[ABOUT THIS EXERCISE] Omit the pictures and output every entry below exactly as written.

[INFORMATION]
---------------

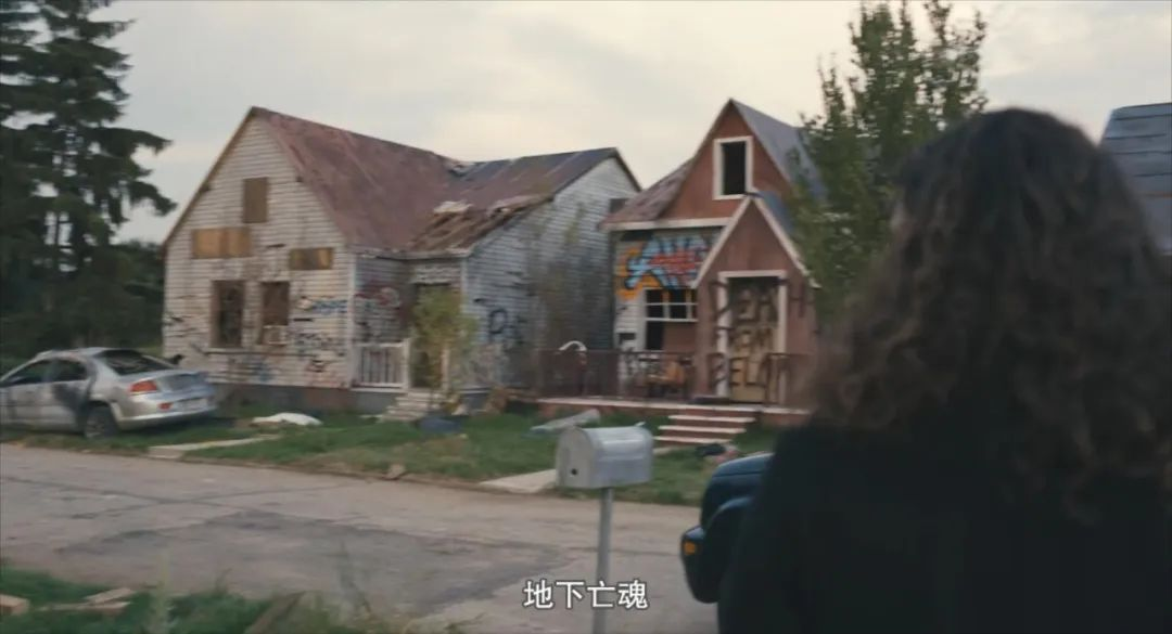 片中女主人公为了找工作,在网上租了一家底特律的房子,当她到达后,发现那里是一个荒废的街区。n
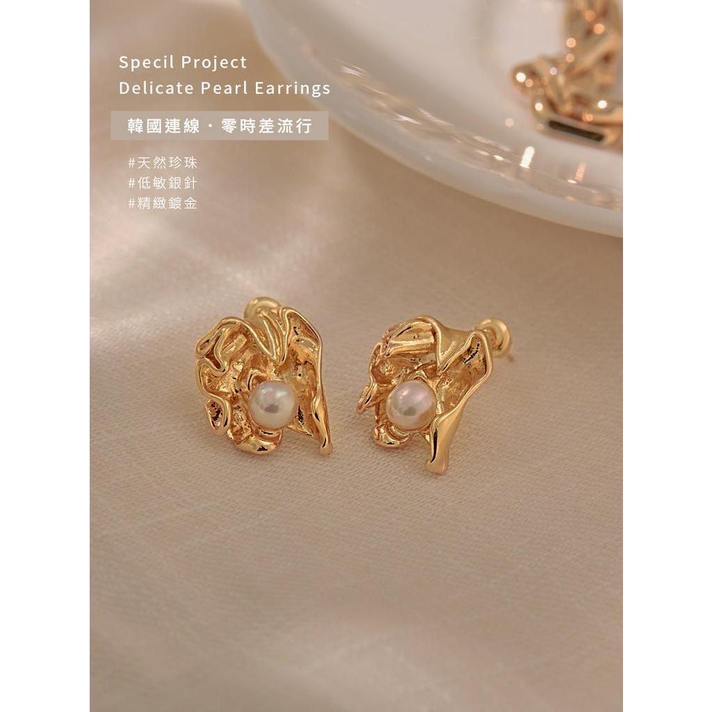 OB嚴選 韓國選品.波紋造型天然珍珠925銀針耳環 《XA270》現貨/飾品/韓系
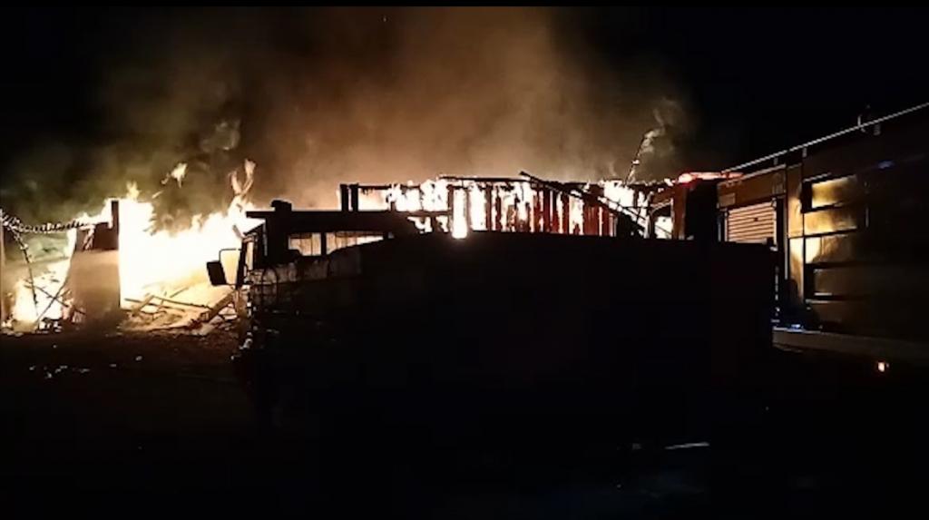 Segundo as primeiras informações, o fogo rapidamente teve inicio e as chamas logo tomou conta de um galpão de porte grande.
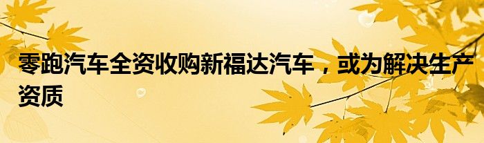 零跑汽车全资收购新福达汽车,或为解决生产资质
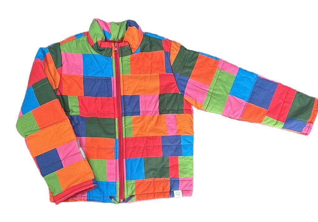 Característica DetalheOrigemNacionalMaterial ExternoPoliéster/Tactel (verificar etiqueta exata)Material Interno100% AlgodãoCor PrincipalColorida (especificar cores, ex: Azul/Rosa/Amarelo)ModeloJaqueta Forrada Meia-EstaçãoFechamentoZíper frontal
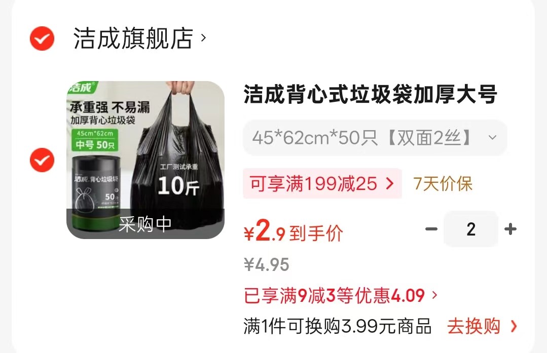 洁成 背心垃圾袋加厚手提45*62cm*50只,拍2件【5.9】
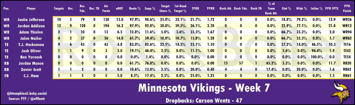 Wentz directed 31-of-40 targets to Justin Jefferson, Jordan Addison, and T.J. Hockenson on the afternoon, with only Jalen Nailor (2-37) and Adam Thielen (1-10) being the only other receivers to earn more than one target.
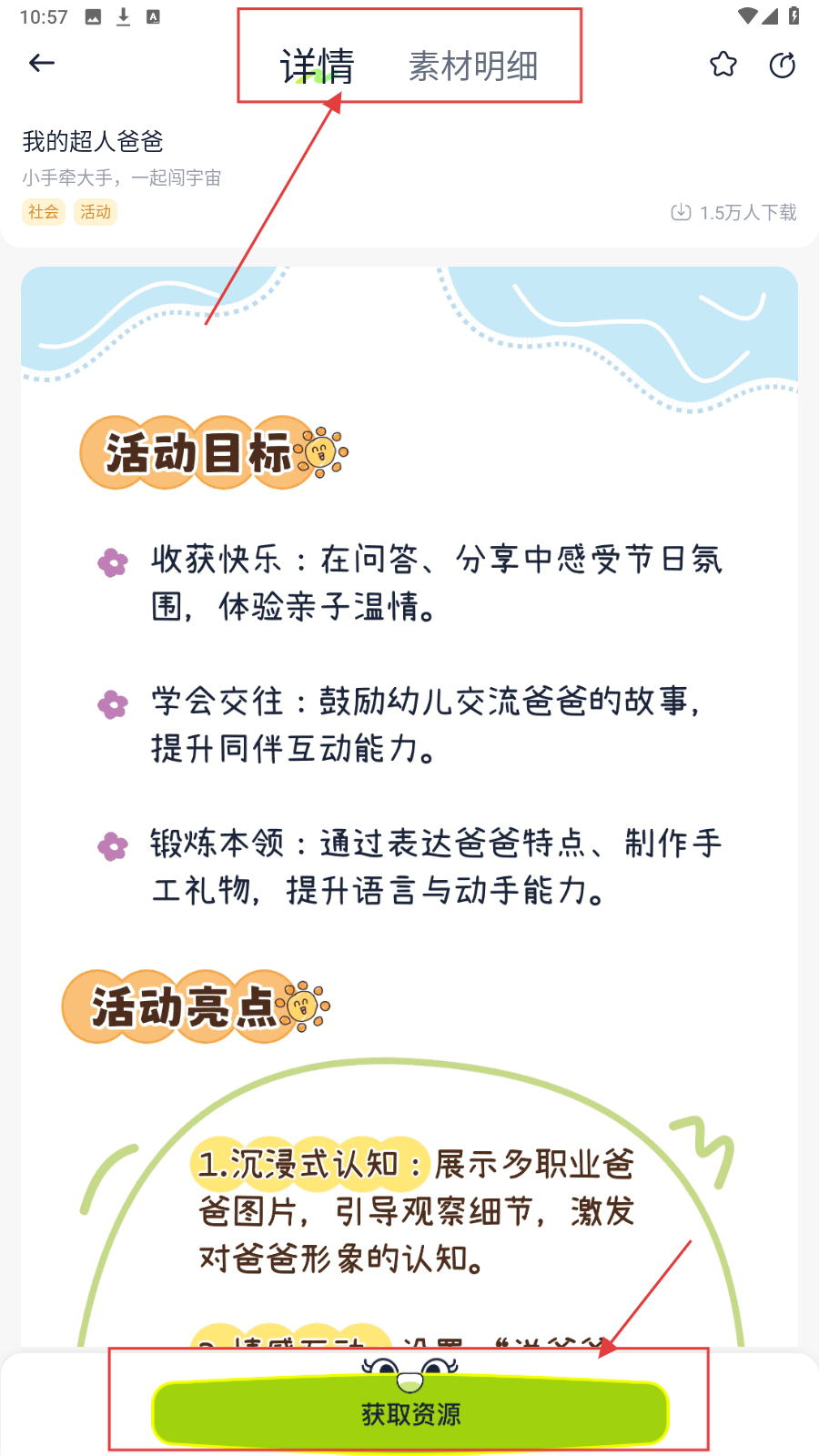3、在课程列表点【我的超人爸爸】,进入详情页,查看活动目标、亮点,点击【获取资源】下载该PPT资源。
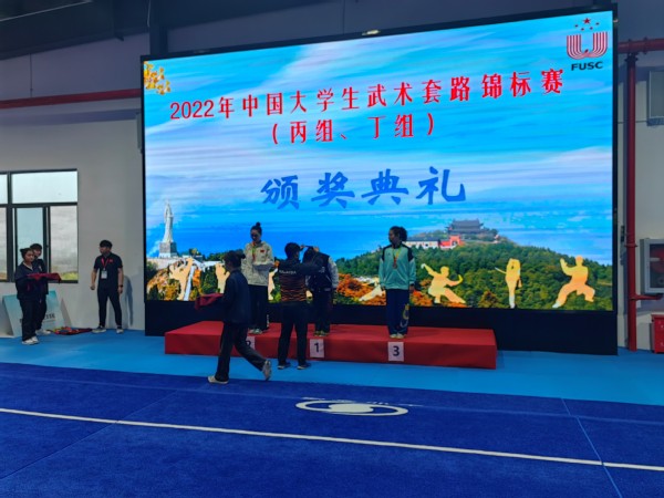 2022年中国大学生武术套路锦标赛于2023年4月2日—5日在湖北孝感举行。来自清华大学、丁香av 、浙江大学等67所高校的900余名选手齐聚赛场,展现精湛技艺。我校武术队由孔繁辉老师带队,共计8名运动员,他们顶住并组压力参加比赛,在7个单元的赛事中,获得个人5金4银1铜、运动队总分女子丙B组团体第三名的好成绩。运动队团体、教练员和两名运动员获得了体育道德风尚奖。
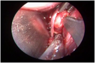 Blunt dissection was performed until the lingual nerve and Wharton’s duct were identified. At this level, lingual nerve appears as a white string located laterally to the Wharton duct. The lingual nerve was isolated and preserved. The glandular hilum was moved upward by an external finger pressure of submandibular gland (Figure 2).
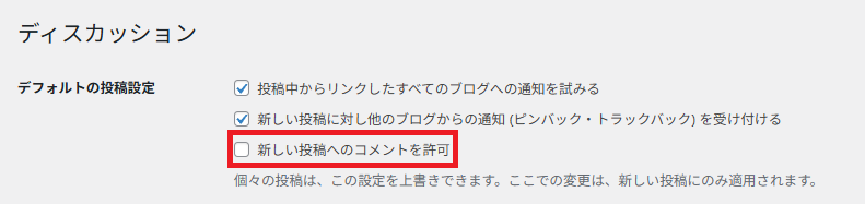設定のディスカッションに”新しい投稿へのコメントを許可”の項目をOFFにします。
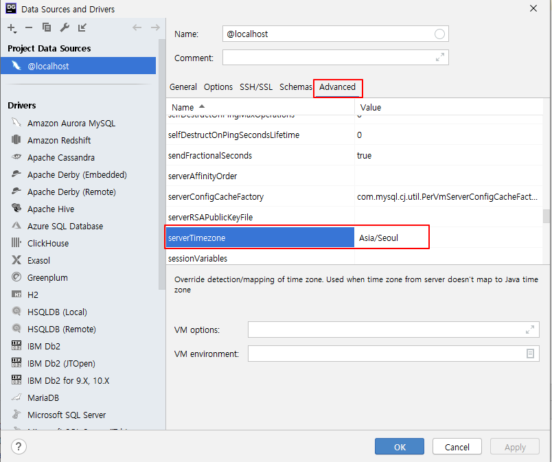 클릭시 나오는 창에서 Advanced > serverTimezone > Asia/Seoul 입력

---------------

[EXERCISE RESPONSE]
 片中女主人公为了找工作,在网上租了一家底特律的房子,当她到达后,发现那里是一个荒废的街区。n
 OB嚴選 韓國選品.波紋造型天然珍珠925銀針耳環 《XA270》現貨/飾品/韓系
 Segundo as primeiras informações, o fogo rapidamente teve inicio e as chamas logo tomou conta de um galpão de porte grande.
 零跑汽车全资收购新福达汽车,或为解决生产资质
 Característica DetalheOrigemNacionalMaterial ExternoPoliéster/Tactel (verificar etiqueta exata)Material Interno100% AlgodãoCor PrincipalColorida (especificar cores, ex: Azul/Rosa/Amarelo)ModeloJaqueta Forrada Meia-EstaçãoFechamentoZíper frontal
 洁成 背心垃圾袋加厚手提45*62cm*50只,拍2件【5.9】
 Wentz directed 31-of-40 targets to Justin Jefferson, Jordan Addison, and T.J. Hockenson on the afternoon, with only Jalen Nailor (2-37) and Adam Thielen (1-10) being the only other receivers to earn more than one target.
3、在课程列表点【我的超人爸爸】,进入详情页,查看活动目标、亮点,点击【获取资源】下载该PPT资源。
 2022年中国大学生武术套路锦标赛于2023年4月2日—5日在湖北孝感举行。来自清华大学、丁香av 、浙江大学等67所高校的900余名选手齐聚赛场,展现精湛技艺。我校武术队由孔繁辉老师带队,共计8名运动员,他们顶住并组压力参加比赛,在7个单元的赛事中,获得个人5金4银1铜、运动队总分女子丙B组团体第三名的好成绩。运动队团体、教练员和两名运动员获得了体育道德风尚奖。
 Blunt dissection was performed until the lingual nerve and Wharton’s duct were identified. At this level, lingual nerve appears as a white string located laterally to the Wharton duct. The lingual nerve was isolated and preserved. The glandular hilum was moved upward by an external finger pressure of submandibular gland (Figure 2).
設定のディスカッションに”新しい投稿へのコメントを許可”の項目をOFFにします。
 클릭시 나오는 창에서 Advanced > serverTimezone > Asia/Seoul 입력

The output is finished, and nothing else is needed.